Each pretrained model in this repo take us approximately two days on 8 V100 GPUs to train.

1.3 Train new MSS models from scratch

1.3.1 How to train

For the training data:

  • If you havn't download musdb18hq, we will automatically download the dataset for you by running the following command.
  • If you have already download musdb18hq, you can put musdb18hq.zip or musdb18hq folder into the data folder and run init.sh to prepare this dataset.
source init.sh

Finally run either of these two commands to start training.

# For track 'vocals', we use a 4 subbands resunet to perform separation. 
# The input of model is mixture and its output is vocals waveform.
# Note: Batchsize is set to 16 by default. Check your hard ware configurations to avoid GPU OOM.
source models/resunet_conv8_vocals/run.sh

# For track 'other', we also use a 4 subbands resunet to perform separation.
# But for this track, we did a little modification.
# The input of model is mixture, and its output are bass, other and drums waveforms. (bass and drums are only used during training) 
# We calculate the losses for "bass","other", and "drums" these three sources together.
# Result shows that joint training is beneficial for 'other' track.
# Note: Batchsize is set to 16 by default. Check your hard ware configurations to avoid GPU OOM.
source models/resunet_joint_training_other/run.sh
  • By default, we use batchsize 8 and 8 gpus for vocal and batchsize 16 and 8 gpus for other. You can custom your own by modifying parameters in the above run.sh files.

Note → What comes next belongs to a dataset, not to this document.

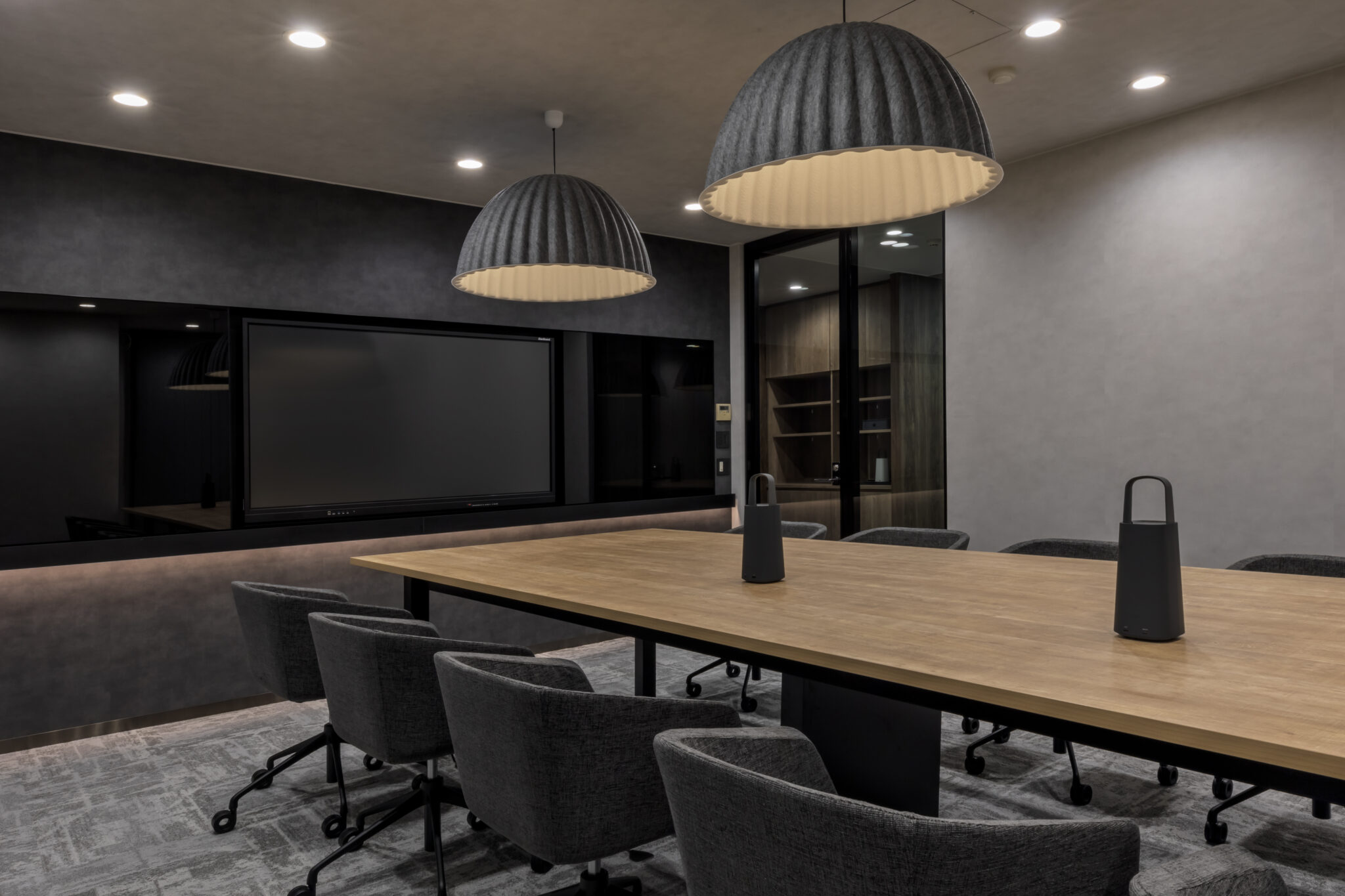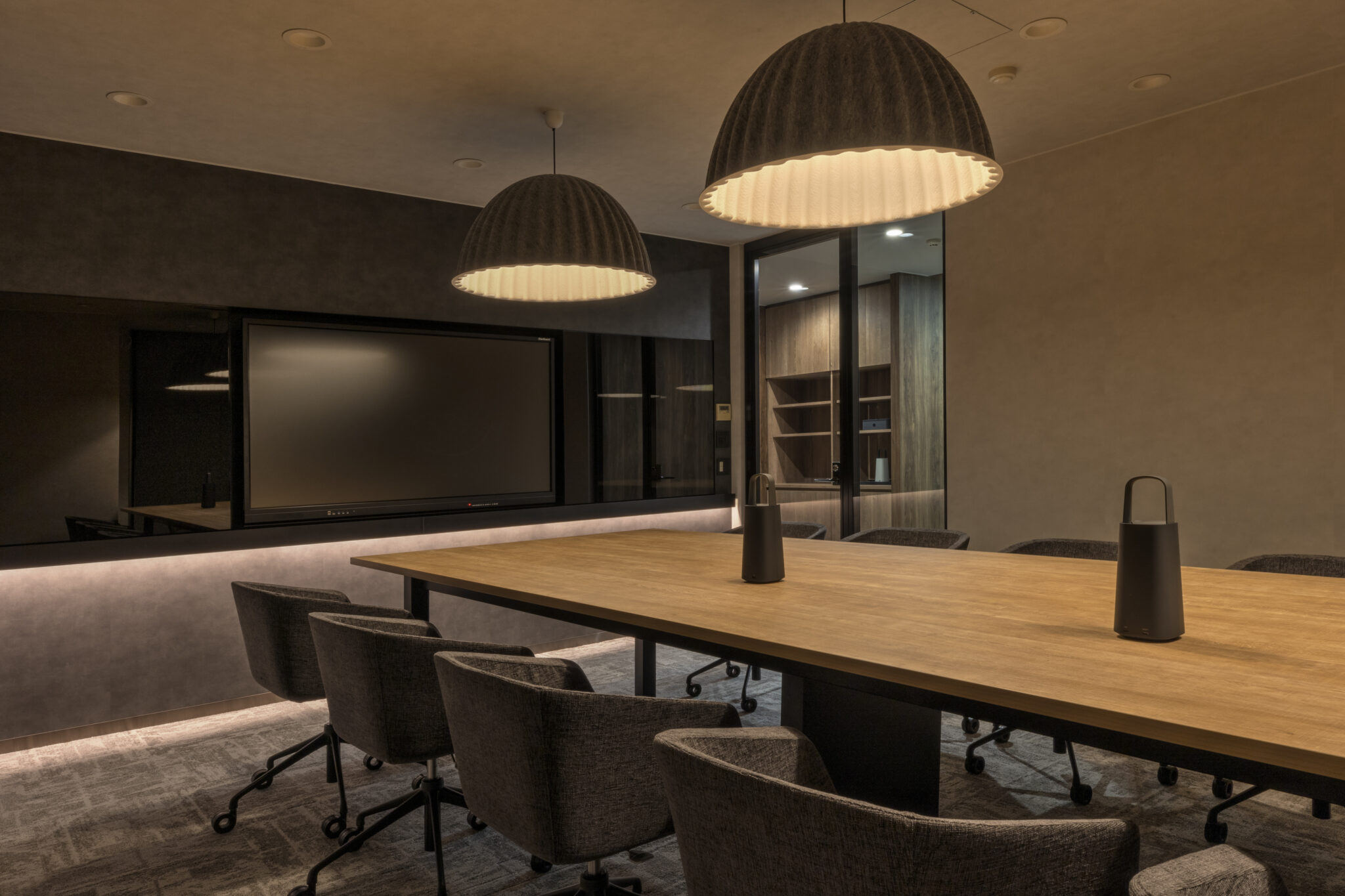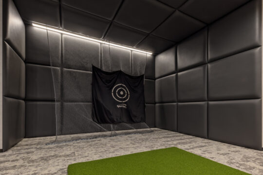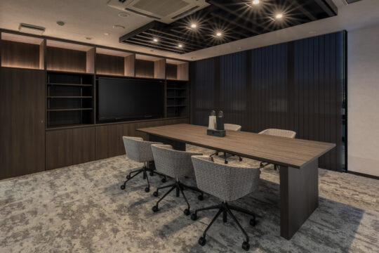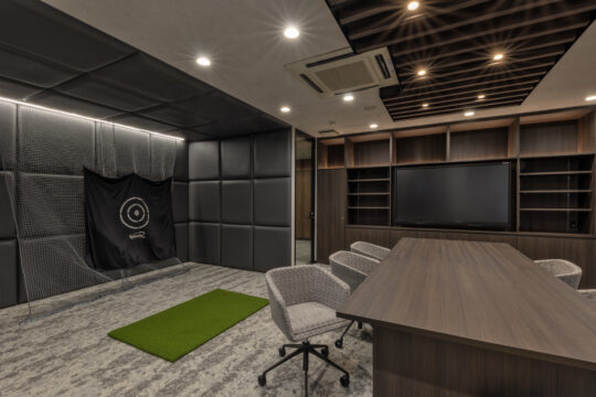 そこで今回社員との距離感を縮める為の一つのチャレンジとして、社長室は自席を無くしミーティングテーブルでの業務に切り替えさらにその様子が見えるように部屋をガラス張りにしました。また社長の趣味の一つでもあるゴルフシミュレーターを設置することで来訪者とのカジュアルなコミュニケーションが生まれる仕掛けづくりも同時に行っています。デザイン面では、ホールとの繋がりを意識し上品さが感じられる素材を中心に選定しながらもカジュアルな雰囲気を纏う空間づくりを心掛けると同時にライティング面でも色温度を調節できることでより活発なコミュニケーションが誘発されるような演出を心掛けました。

  • Training logs will be presented in the mss_challenge_log folder. System will perform validations every two epoches.

Here we provide the result of a test run: 'source models/resunet_conv8_vocals/run.sh'.

ranking

1.3.2 Use the model you trained

To use the the vocals and the other model you trained by your own. You need to modify the following two variables in the predictor.py to the path of your models.

41 ...
42  v_model_path = <path-to-your-vocals-model>
43  o_model_path = <path-to-your-other-model>
44 ...

1.4 Model Evaluation

Since the evaluation process is slow, we separate the evaluation process out as a single task. It's conducted on the validation results generated during training.

Steps:

  1. Locate the path of the validation result. After training, you will get a validation folder inside your loging directory (mss_challenge_log by default).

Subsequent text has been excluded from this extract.